> **Available records**
****

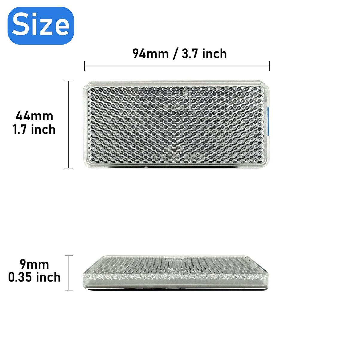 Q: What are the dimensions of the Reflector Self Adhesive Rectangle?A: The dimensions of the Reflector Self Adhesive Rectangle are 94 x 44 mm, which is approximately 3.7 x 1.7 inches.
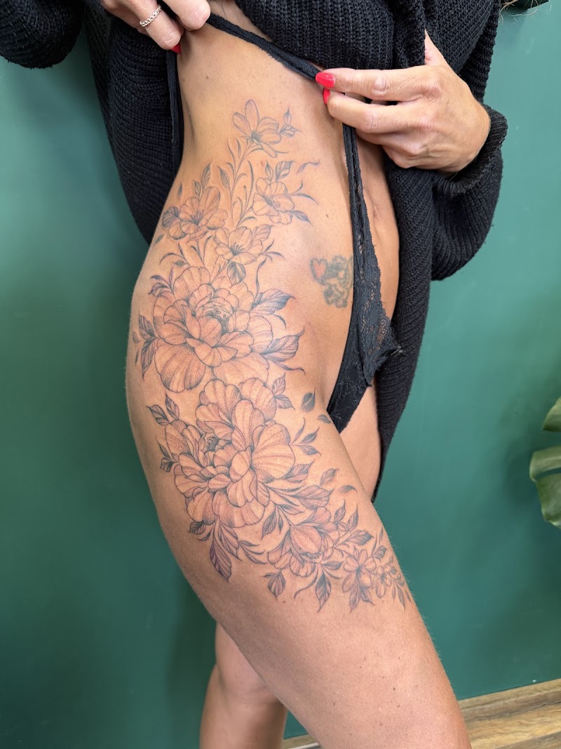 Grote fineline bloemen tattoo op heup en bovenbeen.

****

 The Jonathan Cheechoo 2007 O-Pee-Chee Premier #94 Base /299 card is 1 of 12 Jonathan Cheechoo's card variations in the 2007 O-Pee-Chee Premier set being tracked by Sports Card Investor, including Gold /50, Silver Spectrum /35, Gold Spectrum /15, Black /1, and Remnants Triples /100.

****

> **Required action**
Find the line with "Q: What are" and the line with "Grote fineline bloemen" in the records above. Copy both and all lines between them exactly, without pictures.

> **Task response**
 Q: What are the dimensions of the Reflector Self Adhesive Rectangle?A: The dimensions of the Reflector Self Adhesive Rectangle are 94 x 44 mm, which is approximately 3.7 x 1.7 inches.
 Grote fineline bloemen tattoo op heup en bovenbeen.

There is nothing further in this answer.